Forward mode autodiff

  • Computes gradients wrt one parameter along with the function output.
  • Relies on dual numbers.
  • Efficient when output dimension >> number of parameters.

Reverse mode autodiff

  • Computes function output, then do a backward pass to compute gradients wrt all parameters for the output.
  • Efficient when number of parameters >> output dimension.

The forward pass

The forward pass

Autodiff with PyTorch

PyTorch (like TensorFlow) implements reverse mode AD.

# By default, user-created tensors do not track operations on them
x1 = torch.tensor([2.0], requires_grad=True)
x2 = torch.tensor([5.0], requires_grad=True)

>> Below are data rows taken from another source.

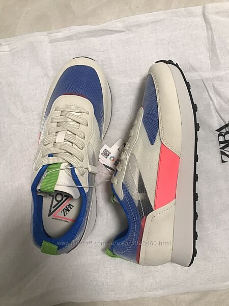 #zara Кросівки з сіткою ZARA Кросівки з кольоровими контрастами і сіткою. На шнурках. Потягніть за язичок ззаду, щоб легко одягати та знімати. Гумова підошва. STARFIT® TECHNICAL INSOLE FOAM: гнучка функціональна устілка з пінополіуретану. Комфорт, амортизація та довговічність. Розмір 38;39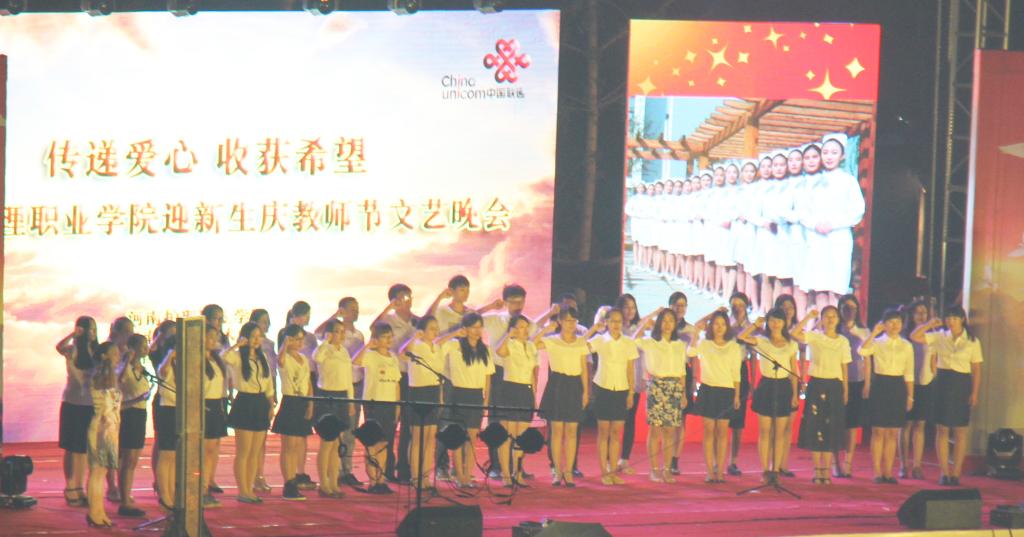 九月的鲜花弥漫着青春的芬芳,九月的护理学院闪烁着收获的金黄。9月9日晚,在纪念抗日战争暨世界反法西斯战争胜利70周年之际,开云kaiyun官网迎新生庆教师节文艺晚会在学院东广场隆重举行。安阳市委宣传部副部长、文明办主任王东峰,学院法制副院长、高新区公安分局副局长薛红强,高新区文明办主任付晓燕,学院领导花明、郭茂华、胡景团、钟会亮、张官印出席晚会,学院全体教职工和2015级3500名新生一同在现场观看了演出,其他同学在教室收看了现场直播。
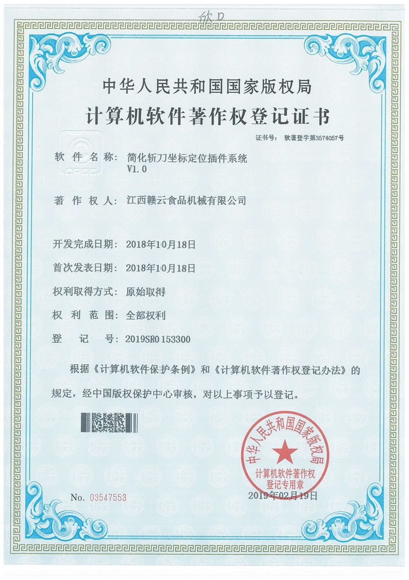 計算機軟件著作權登記證書(簡化斬刀坐標定位插件系統(tǒng))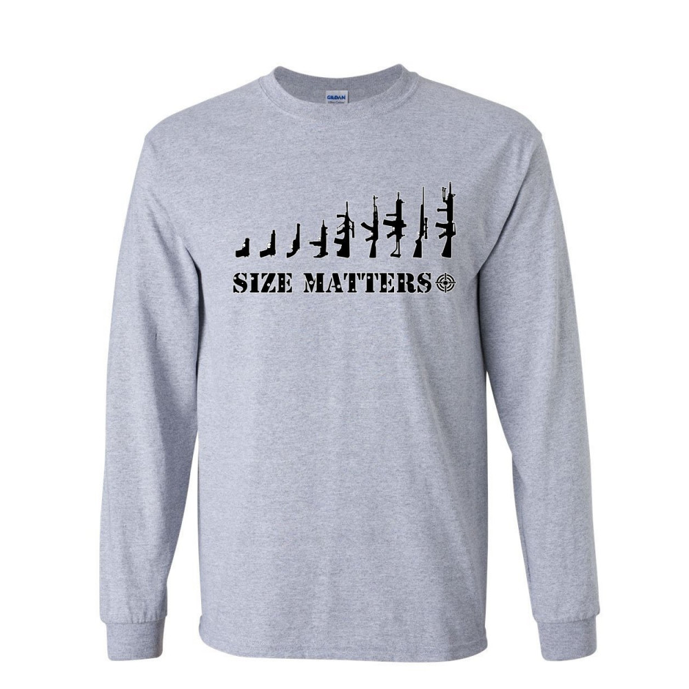 SIZE MATTERS 2a long sleeve t-shirt defend 2nd amendment pro guns weapons tee gray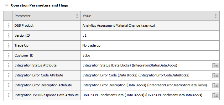 Create a new Operation Configuration and select the D&B data blocks product (if not available, any product can be selected and the request query parameters will define what data and levels to return). Populate the additional parameters with new attributes to hold the specific integration info and JSON response for the Data Blocks request.

# Compute some operations on x1 and x2
y = torch.log(x1) + x1*x2 - torch.sin(x2)

# Let the magic happen
y.backward()

print(x1.grad) # dy/dx1
print(x2.grad) # dy/dx2

Differentiable Programming

“People are now building a new kind of software by assembling networks of parameterized functional blocks and by training them from examples using some form of gradient-based optimization…. It’s really very much like a regular program, except it’s parameterized, automatically differentiated, and trainable/optimizable” (Y. LeCun).

Software 2.0?

Dense neural networks

Model definition

import torch.nn as nn

# Define a (2, 3, 2) neural network with one hidden layer
model = nn.Sequential(
    nn.Linear(2, 3),
    nn.Tanh(),
    nn.Linear(3, 2)
)

Training loop

learning_rate = 1.0
for t in range(2000):
    # Compute model prediction
    y_pred = model(x_train)
    # Compute loss
    loss = loss_fn(y_pred, y_train)
    # Zero the gradients before running the backward pass
    model.zero_grad()
    # Compute gradient of the loss wrt all the parameters
    loss.backward()
    # Update the weights using gradient descent
    with torch.no_grad():
        for param in model.parameters():
            param -= learning_rate * param.grad

Convolutional neural networks

Model definition

import torch.nn as nn
import torch.nn.functional as F

# Define a CNN that takes (3, 32, 32) tensors as input
class Net(nn.Module):
    def __init__(self):
        super(Net, self).__init__()
        self.conv1 = nn.Conv2d(3, 6, 5)
        self.pool = nn.MaxPool2d(2, 2)
        self.conv2 = nn.Conv2d(6, 16, 5)
        # Convolution output is 16 5x5 feature maps
        self.fc1 = nn.Linear(16 * 5 * 5, 120)
        self.fc2 = nn.Linear(120, 10)

    def forward(self, x):
        x = self.pool(F.relu(self.conv1(x)))
        x = self.pool(F.relu(self.conv2(x)))
        x = x.view(-1, 16 * 5 * 5)
        x = F.relu(self.fc1(x))
        x = self.fc2(x)
        return x


net = Net()

Corresponding architecture

Example CNN architecture

Training loop

import torch.optim as optim

criterion = nn.CrossEntropyLoss()
optimizer = optim.SGD(net.parameters(), lr=0.001, momentum=0.9)

for t in range(2000):
    # Compute model prediction
    outputs = net(inputs)
    # Compute loss
    loss = criterion(outputs, labels)
    # Compute gradients of the loss wrt all parameters
    loss.backward()
    # Perform one step of gradient descent
    optimizer.step()